Serving TerraTorch models with vLLM#
TerraTorch models can be served using the
vLLM serving engine. Currently, only
models using the SemanticSegmentationTask or PixelwiseRegressionTask tasks
can be served with vLLM.
TerraTorch models can be served with vLLM in tensor-to-tensor or image-to-image mode. The tensor-to-tensor mode is the default mode and is natively enabled by vLLM. For the image-to-image mode, TerraTorch uses a feature in vLLM called IOProcessor plugins, enabling processing and generation of data in any modality (e.g., geoTiff). In TerraTorch, we provide pre-defined IOProcessor plugins.

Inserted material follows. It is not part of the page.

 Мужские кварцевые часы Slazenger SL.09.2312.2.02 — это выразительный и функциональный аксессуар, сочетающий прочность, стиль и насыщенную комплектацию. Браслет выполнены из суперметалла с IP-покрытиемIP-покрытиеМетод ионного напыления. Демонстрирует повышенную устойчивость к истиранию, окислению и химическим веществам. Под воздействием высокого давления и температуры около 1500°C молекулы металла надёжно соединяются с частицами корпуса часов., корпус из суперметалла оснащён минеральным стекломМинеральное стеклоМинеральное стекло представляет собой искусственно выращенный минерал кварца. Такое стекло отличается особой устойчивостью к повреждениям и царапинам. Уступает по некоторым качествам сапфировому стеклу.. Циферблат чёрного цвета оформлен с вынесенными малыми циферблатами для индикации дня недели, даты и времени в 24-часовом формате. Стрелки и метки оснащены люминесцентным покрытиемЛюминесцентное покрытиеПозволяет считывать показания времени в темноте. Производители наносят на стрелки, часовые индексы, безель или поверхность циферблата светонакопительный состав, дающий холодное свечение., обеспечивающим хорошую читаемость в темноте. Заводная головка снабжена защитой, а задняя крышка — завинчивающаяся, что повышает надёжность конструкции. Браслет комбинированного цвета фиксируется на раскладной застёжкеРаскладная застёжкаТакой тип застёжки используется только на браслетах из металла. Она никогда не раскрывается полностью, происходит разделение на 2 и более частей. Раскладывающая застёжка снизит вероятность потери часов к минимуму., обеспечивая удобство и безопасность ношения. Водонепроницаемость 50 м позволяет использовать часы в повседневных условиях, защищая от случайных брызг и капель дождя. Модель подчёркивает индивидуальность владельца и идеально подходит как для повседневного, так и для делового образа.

Check the list of available plugins.
To enable your model to be served via vLLM, follow the steps below:
- Ensure TerraTorch Integration: Verify the model you want to serve is either already a core model, or learn how to add your model to TerraTorch.

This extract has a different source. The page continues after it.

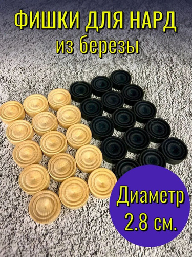 Фишки для нард, диаметр 2,8 см, высота 1 см, береза черные и бежевые

- Create a Model config.json: Create a vLLM compatible config.json.
- Determine IOProcessor Plugin Needs: If serving in image-to-image mode, identify an IOProcessor plugin that suits your model or build one yourself.
- Make your Model Accessible to vLLM: Host your model weights and config.json on Hugging Face, or store them in a local directory accessible by the vLLM instance.
To validate the steps above, start a vLLM serving instance that loads your model and perform an inference in tensor-to-tensor mode or in image-to-image mode.